▸ EXTRACTED INFORMATION:
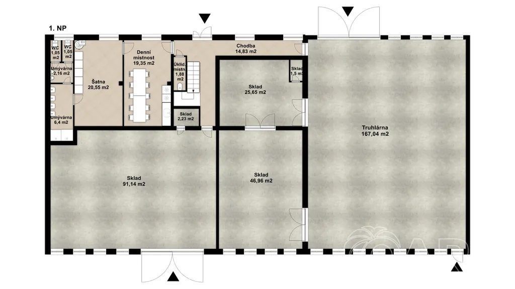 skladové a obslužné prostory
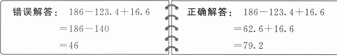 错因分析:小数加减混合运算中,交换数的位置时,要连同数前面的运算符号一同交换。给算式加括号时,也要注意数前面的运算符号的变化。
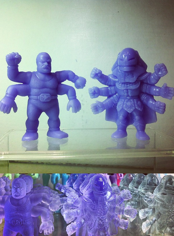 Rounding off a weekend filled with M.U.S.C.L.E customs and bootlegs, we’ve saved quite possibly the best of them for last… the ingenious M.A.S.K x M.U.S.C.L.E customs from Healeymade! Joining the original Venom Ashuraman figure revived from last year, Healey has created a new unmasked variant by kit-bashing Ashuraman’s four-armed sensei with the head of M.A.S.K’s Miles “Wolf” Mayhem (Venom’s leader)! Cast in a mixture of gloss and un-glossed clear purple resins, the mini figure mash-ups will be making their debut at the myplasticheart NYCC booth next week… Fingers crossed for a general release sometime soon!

...

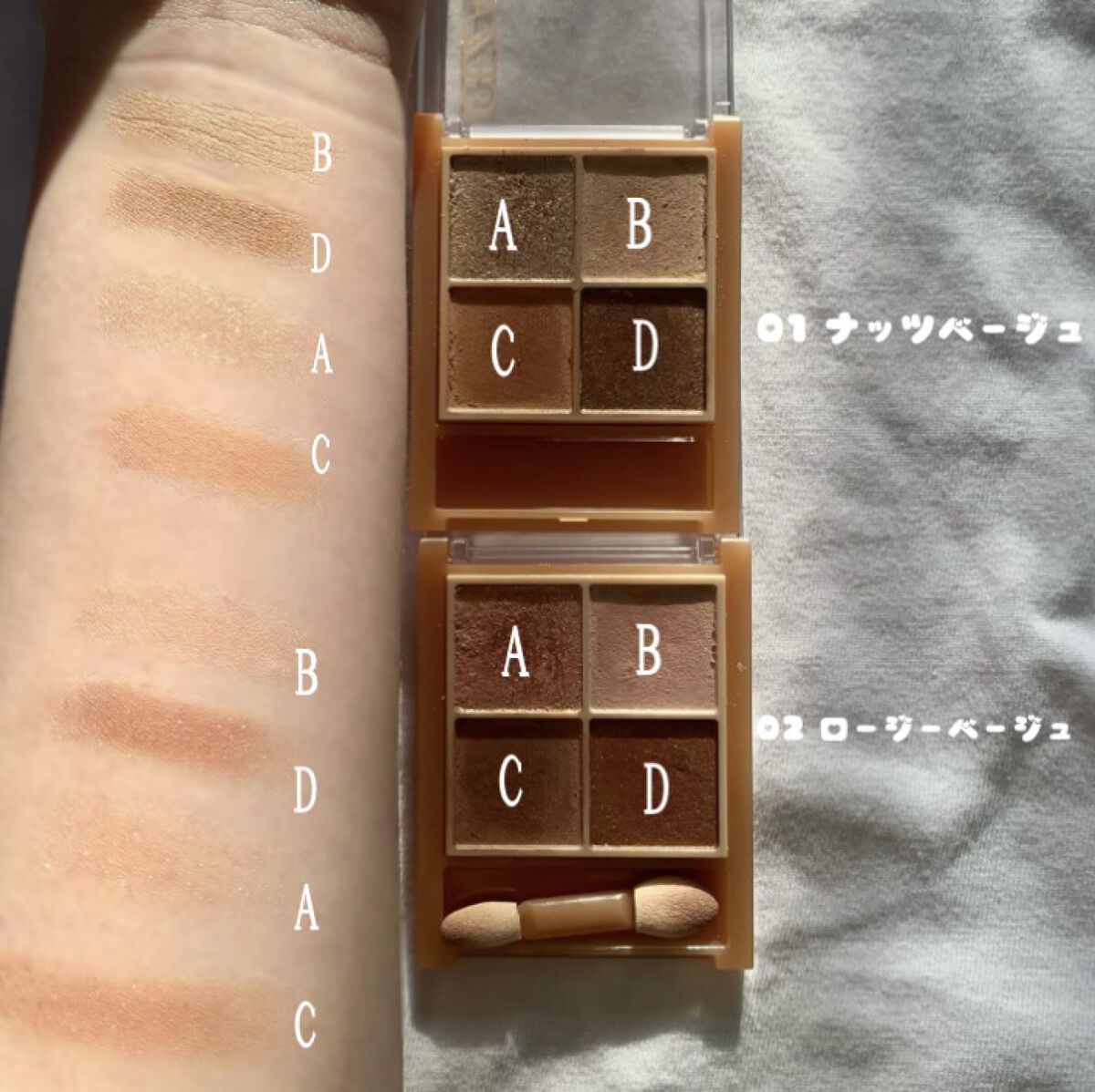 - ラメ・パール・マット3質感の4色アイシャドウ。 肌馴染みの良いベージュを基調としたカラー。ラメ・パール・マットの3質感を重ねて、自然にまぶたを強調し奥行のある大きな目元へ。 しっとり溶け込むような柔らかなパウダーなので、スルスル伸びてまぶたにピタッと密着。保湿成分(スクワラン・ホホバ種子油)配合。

▸ TRY IT:
Only the lines above from the one with "skladové a obslužné prostory" to the one with "Rounding off a" should be printed, both included and exactly as written; no picture belongs in the copy.

▸ REPLY TO THE EXERCISE:
 skladové a obslužné prostory
 错因分析:小数加减混合运算中,交换数的位置时,要连同数前面的运算符号一同交换。给算式加括号时,也要注意数前面的运算符号的变化。
 Rounding off a weekend filled with M.U.S.C.L.E customs and bootlegs, we’ve saved quite possibly the best of them for last… the ingenious M.A.S.K x M.U.S.C.L.E customs from Healeymade! Joining the original Venom Ashuraman figure revived from last year, Healey has created a new unmasked variant by kit-bashing Ashuraman’s four-armed sensei with the head of M.A.S.K’s Miles “Wolf” Mayhem (Venom’s leader)! Cast in a mixture of gloss and un-glossed clear purple resins, the mini figure mash-ups will be making their debut at the myplasticheart NYCC booth next week… Fingers crossed for a general release sometime soon!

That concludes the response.